What you have to do: Every line below between the one holding "B43501A5477M Конденсатор алюминиевый" and the one holding "拇战民间叫划拳或猜拳。有大拳", inclusive, should be copied exactly, and no other line.

Data to process:
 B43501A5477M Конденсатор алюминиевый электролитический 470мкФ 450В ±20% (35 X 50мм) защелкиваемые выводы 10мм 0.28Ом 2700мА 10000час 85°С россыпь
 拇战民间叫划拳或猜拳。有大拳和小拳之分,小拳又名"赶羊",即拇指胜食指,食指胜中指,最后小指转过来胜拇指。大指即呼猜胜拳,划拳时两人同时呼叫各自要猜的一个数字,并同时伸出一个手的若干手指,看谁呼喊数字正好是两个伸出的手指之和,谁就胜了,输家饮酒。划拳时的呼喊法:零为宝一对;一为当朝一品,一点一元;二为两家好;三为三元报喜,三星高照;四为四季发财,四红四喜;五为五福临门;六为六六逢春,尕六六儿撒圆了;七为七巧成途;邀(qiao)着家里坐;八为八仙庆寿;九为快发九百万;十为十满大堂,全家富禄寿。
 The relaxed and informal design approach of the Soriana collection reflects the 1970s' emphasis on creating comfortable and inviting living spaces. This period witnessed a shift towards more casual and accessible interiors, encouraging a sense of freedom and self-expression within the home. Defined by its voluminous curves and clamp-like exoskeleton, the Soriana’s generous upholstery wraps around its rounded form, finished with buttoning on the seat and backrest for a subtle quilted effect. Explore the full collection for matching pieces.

==

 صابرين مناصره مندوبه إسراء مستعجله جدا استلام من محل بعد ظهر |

==

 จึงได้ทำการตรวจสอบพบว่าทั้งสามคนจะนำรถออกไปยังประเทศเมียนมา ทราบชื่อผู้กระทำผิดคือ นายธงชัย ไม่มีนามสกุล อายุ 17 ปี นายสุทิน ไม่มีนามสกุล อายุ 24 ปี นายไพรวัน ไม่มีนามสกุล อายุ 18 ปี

Solution below:
 B43501A5477M Конденсатор алюминиевый электролитический 470мкФ 450В ±20% (35 X 50мм) защелкиваемые выводы 10мм 0.28Ом 2700мА 10000час 85°С россыпь
 拇战民间叫划拳或猜拳。有大拳和小拳之分,小拳又名"赶羊",即拇指胜食指,食指胜中指,最后小指转过来胜拇指。大指即呼猜胜拳,划拳时两人同时呼叫各自要猜的一个数字,并同时伸出一个手的若干手指,看谁呼喊数字正好是两个伸出的手指之和,谁就胜了,输家饮酒。划拳时的呼喊法:零为宝一对;一为当朝一品,一点一元;二为两家好;三为三元报喜,三星高照;四为四季发财,四红四喜;五为五福临门;六为六六逢春,尕六六儿撒圆了;七为七巧成途;邀(qiao)着家里坐;八为八仙庆寿;九为快发九百万;十为十满大堂,全家富禄寿。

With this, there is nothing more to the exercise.